Его принесла вечером Симочка, извиняясь, что не могла передать днем.
Михаил Михайлович. Это ни тоном, ни содержанием не подходило к тому, что переживала Таня. Она боялась чисто мужского самолюбия, – его же в Крейслере наблюдалось предостаточно, – от него и бежала за Онуфрием Ипатычем.
Этой заботой о беременности он как бы утверждал право собственности на жену… Ночь не удалось заснуть. Горечи и сил, накопленных в бездействии, некуда было девать.
Утром постигло странное опьянение, похожее на полет во сне. Она валялась уже четвертый день.
Славка забежал бледный. Янтарные глаза дрожали.
Сообщил о речи прокурора.
– Засыпался с Крейслером. Требовал только общественного порицания.
– А Онуфрию Ипатычу?
Имя едва сползло, как кусок ваты, налипший на язык.

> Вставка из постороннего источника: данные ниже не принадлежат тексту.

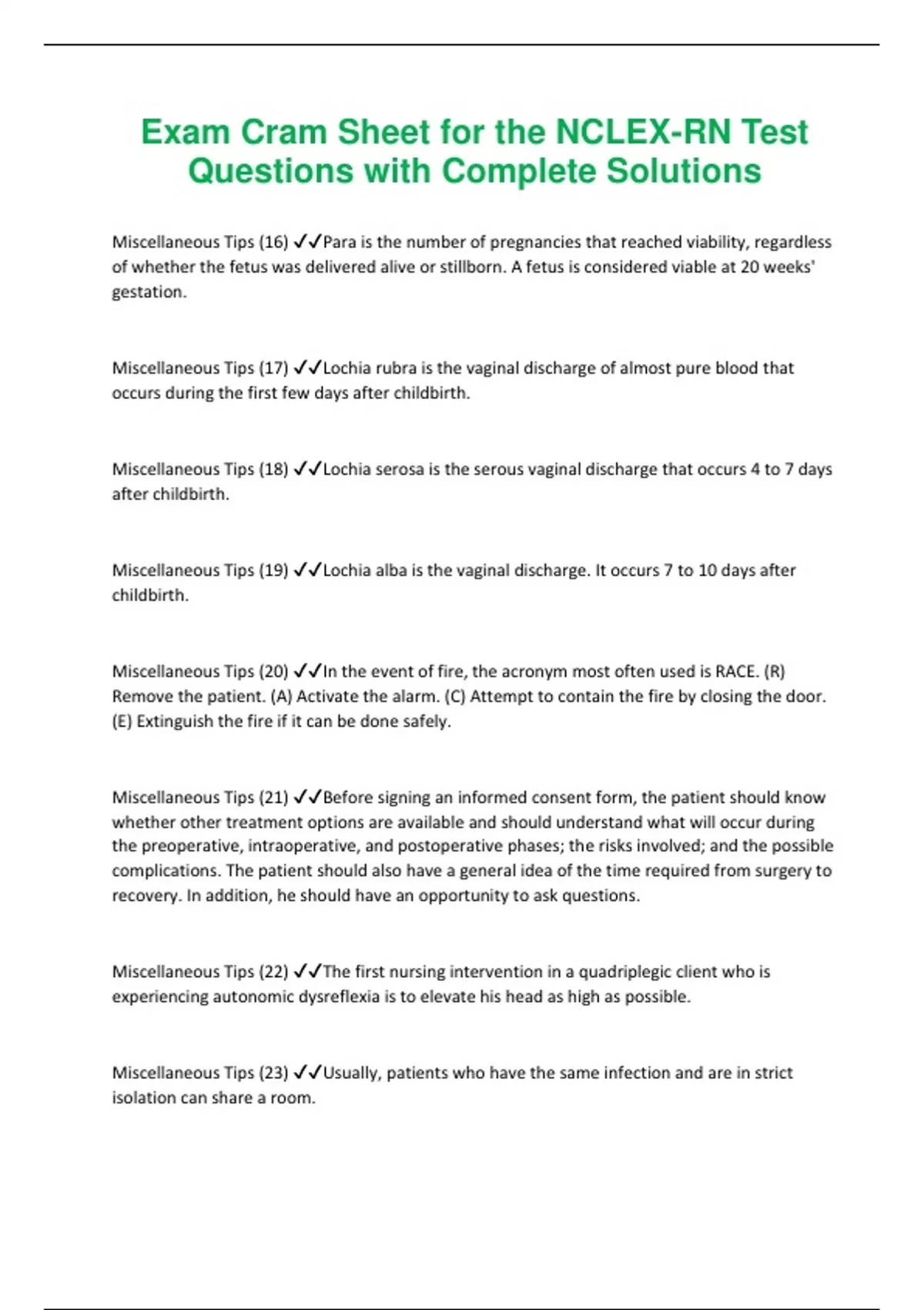 Exam Cram Sheet for the NCLEX-RN Test Questions with Complete Solutions

Славка замялся, отвернулся, она беззвучно шевельнула губами: «Расстрел?» Кивнул чуть заметно. Сердце бросилось ей к горлу, готовое задушить.
– Неужели нет надежды?
Славка не отвечал.
Два дня тянулись речи адвокатов. Таня вызвала Марью
Ивановну. Та пришла. Едва она раскрыла дверь, Таня набрала воздуху крикнуть: «Что с вами?» На пороге стояла старуха с дряблым желтым лицом, напоминавшим старческую женскую грудь. Ничего не рассказывала, не бранилась, сама попросила чаю и выпила только чашку.
Прощаясь, сказала:
– Видно, не сносить нашему Онуфрию Ипатычу головы. Помялась, тяжко дыша, ушла, не подобрав волос под платок.

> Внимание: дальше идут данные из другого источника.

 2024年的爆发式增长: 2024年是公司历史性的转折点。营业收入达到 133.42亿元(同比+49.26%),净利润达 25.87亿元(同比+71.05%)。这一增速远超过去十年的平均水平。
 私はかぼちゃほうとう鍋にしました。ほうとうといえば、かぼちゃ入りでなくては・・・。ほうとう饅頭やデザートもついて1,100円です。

Таня заметила вошедшей Симочке:
– Хорошо бы, для этой женщины хорошо было бы, если бы сейчас на улице била бы жестокая вьюга, снег, залепляло бы глаза, сносило… Чтобы идти, бороться с погодой и не думать…
Девушка посмотрела на ее пепельное лицо.
– И вам, видно, не легче.
– Я что ж… Я завтра встану. Завтра кончатся реплики сторон… Им остается жить несколько часов. Такое поперек всякому счастью встанет…
Симочка, выйдя в коридор, вздохнула легко, полной грудью, словно вырвалась из больничной палаты.
III
Таня поехала в суд. И как в самом начале, перед зданием клуба скопилась громадная толпа, извозчик ссадил ее у поворота на улицу Коммуны.
– Дальше милиция не пускает, барышня, сами уж как-нибудь доберетесь. Видишь, народ кровь почуял, стекся полюбопытствовать.
Таня побрела, опираясь на палку. У нее, должно быть, был отмеченный мукой особенный вид в скопище зевак.
Кто-то заметил вслед, что это жена главного преступника.
Самый воздух клуба отличался от городского. В нем носился тот же зловещий запах аптеки, как в ветре норда. В
коридорах было странно просторно, очевидно, строже следили за пропусками.
Подняла портьеру. Вместе с духотой зала ударило металлическим окриком:
– Именно для Веремиенко я требую высшей меры наказания.
Память пресеклась, как дыхание. Через несколько мгновений она обрела себя прислонившейся к стене.
Слабый старческий голос проникал в уши:
– Суд удаляется на совещание.
День потек невероятно медленно, тяжелый, как ртуть.